Exercise directions: No line before the one containing "Set composto da" is to be output; retype exactly that line and all lines that follow it to the end of the records.

Records supplied:
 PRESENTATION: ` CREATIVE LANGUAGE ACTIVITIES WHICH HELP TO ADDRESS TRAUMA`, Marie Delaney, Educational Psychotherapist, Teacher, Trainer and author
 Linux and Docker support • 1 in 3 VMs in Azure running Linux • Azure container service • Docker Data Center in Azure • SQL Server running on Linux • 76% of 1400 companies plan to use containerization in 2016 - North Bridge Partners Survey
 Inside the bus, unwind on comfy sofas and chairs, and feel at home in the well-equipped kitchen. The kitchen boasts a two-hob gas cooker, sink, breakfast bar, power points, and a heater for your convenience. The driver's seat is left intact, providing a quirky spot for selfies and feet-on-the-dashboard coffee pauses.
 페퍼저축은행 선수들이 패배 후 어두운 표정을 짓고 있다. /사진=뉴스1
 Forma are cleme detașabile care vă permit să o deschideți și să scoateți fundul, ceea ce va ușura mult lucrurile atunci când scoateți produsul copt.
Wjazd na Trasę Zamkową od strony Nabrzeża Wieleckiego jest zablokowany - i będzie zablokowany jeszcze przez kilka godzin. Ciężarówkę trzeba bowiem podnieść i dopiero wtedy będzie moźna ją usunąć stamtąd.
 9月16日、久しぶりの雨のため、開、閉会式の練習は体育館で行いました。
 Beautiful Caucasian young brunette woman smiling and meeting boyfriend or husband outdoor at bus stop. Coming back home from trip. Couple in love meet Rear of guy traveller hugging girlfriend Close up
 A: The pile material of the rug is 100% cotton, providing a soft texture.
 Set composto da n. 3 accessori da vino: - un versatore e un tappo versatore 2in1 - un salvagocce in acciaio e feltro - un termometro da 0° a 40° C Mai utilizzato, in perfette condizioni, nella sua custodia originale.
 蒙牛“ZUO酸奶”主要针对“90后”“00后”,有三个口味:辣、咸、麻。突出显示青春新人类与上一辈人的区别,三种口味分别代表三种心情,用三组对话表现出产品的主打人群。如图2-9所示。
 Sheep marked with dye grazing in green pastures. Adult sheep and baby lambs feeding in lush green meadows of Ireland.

Solution to this task:
 Set composto da n. 3 accessori da vino: - un versatore e un tappo versatore 2in1 - un salvagocce in acciaio e feltro - un termometro da 0° a 40° C Mai utilizzato, in perfette condizioni, nella sua custodia originale.
 蒙牛“ZUO酸奶”主要针对“90后”“00后”,有三个口味:辣、咸、麻。突出显示青春新人类与上一辈人的区别,三种口味分别代表三种心情,用三组对话表现出产品的主打人群。如图2-9所示。
 Sheep marked with dye grazing in green pastures. Adult sheep and baby lambs feeding in lush green meadows of Ireland.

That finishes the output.